On 03/27/2012 07:00 AM, Victor Hermans wrote:
> Dear Friends!
> Thank you very much for this great program.
Hi,
Welcome to this list. I'm glad to hear you find Maxima useful.
> I have a sabbatical at Riga Technical University and they did not have
> any Computer Algebra System.
> So I asked all my students to download Maxima.

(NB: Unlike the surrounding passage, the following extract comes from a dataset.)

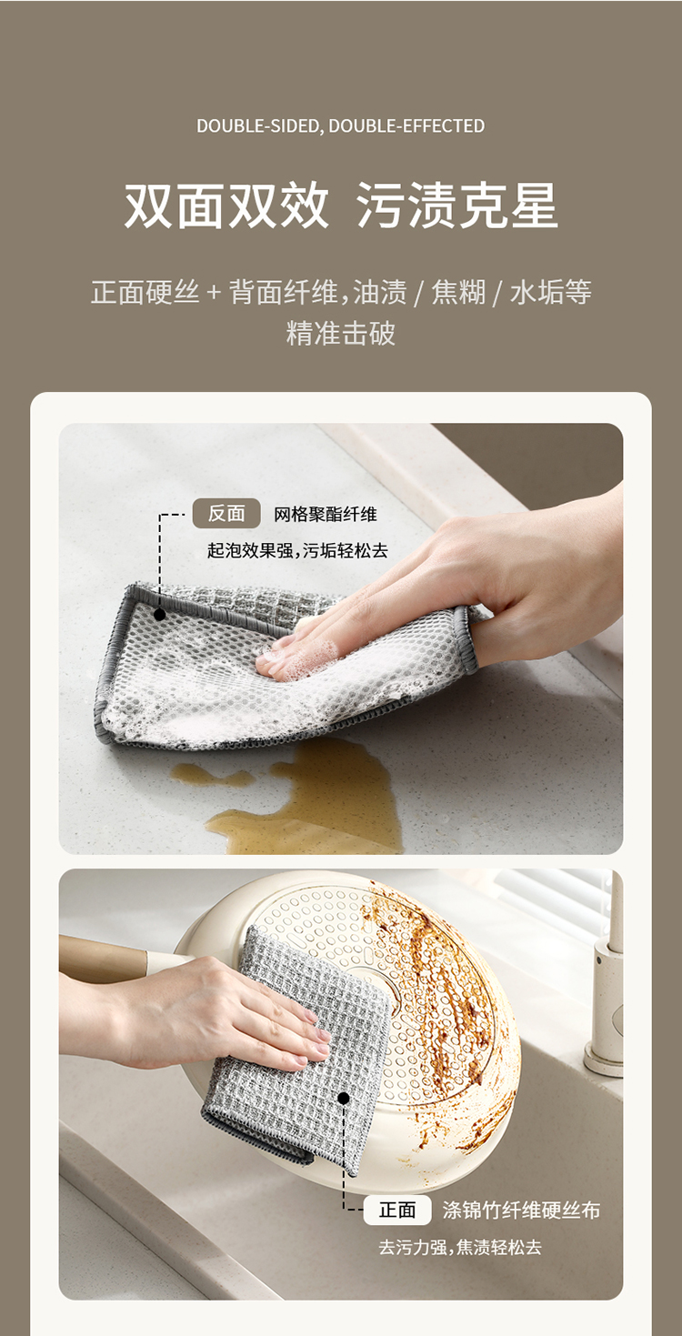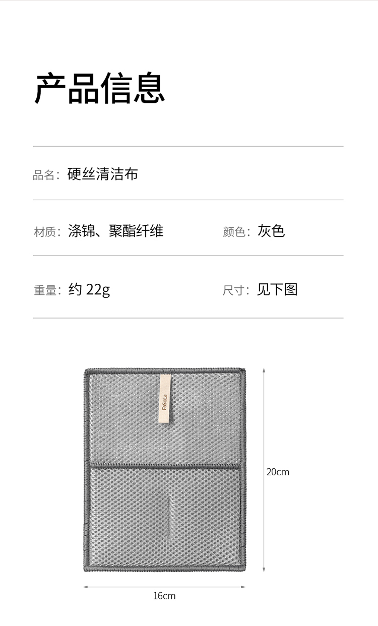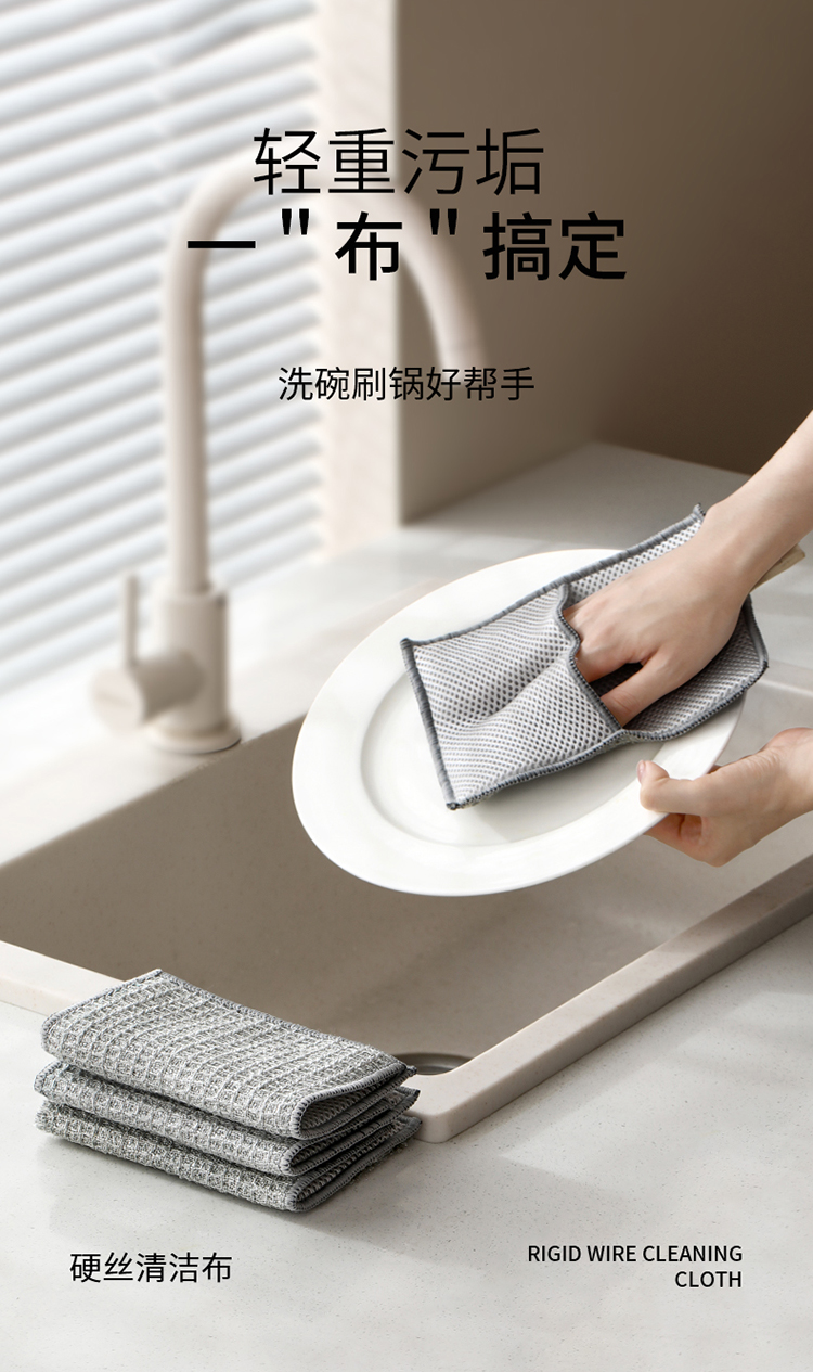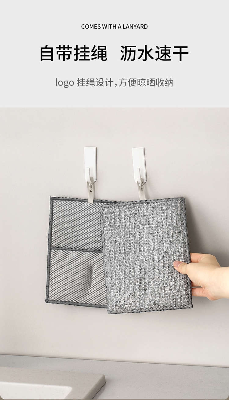 FaSoLa双面洗碗布家用清洁银丝抹布刷碗手套不沾油洗碗硬丝清洁布

> However, there is one bug. The net present value does not seem to work
> very well.
> This gives 2 different solutions
>
> load("finance")$
>
> npv(0.03,[-1000,0,0,0,1200]);
>
> -1000+1200/(1.03)^4;
Thank you for telling us about that bug. The program "finance" is one of
the "contributed package", which means that has been contributed by a
user and it might not been checked by other developers. In this case,
the calculation is wrongly being done as -1000/1.03 + 1200/1.03^5. This
will be fixed in the next release of Maxima, but for the time being you
can solve the problem by using the version that I'm sending in the
attachment.
Please start Maxima and type the command:
maxima_userdir;
this will tell you the directory that is being used as your user
directory. You will have to copy the "finance.mac" file in the
attachment into that directory.
If you then do:
load ("finance");
It should show you that it is loading the file in the directory referred
above, and not the original file in share/contrib which has the bug.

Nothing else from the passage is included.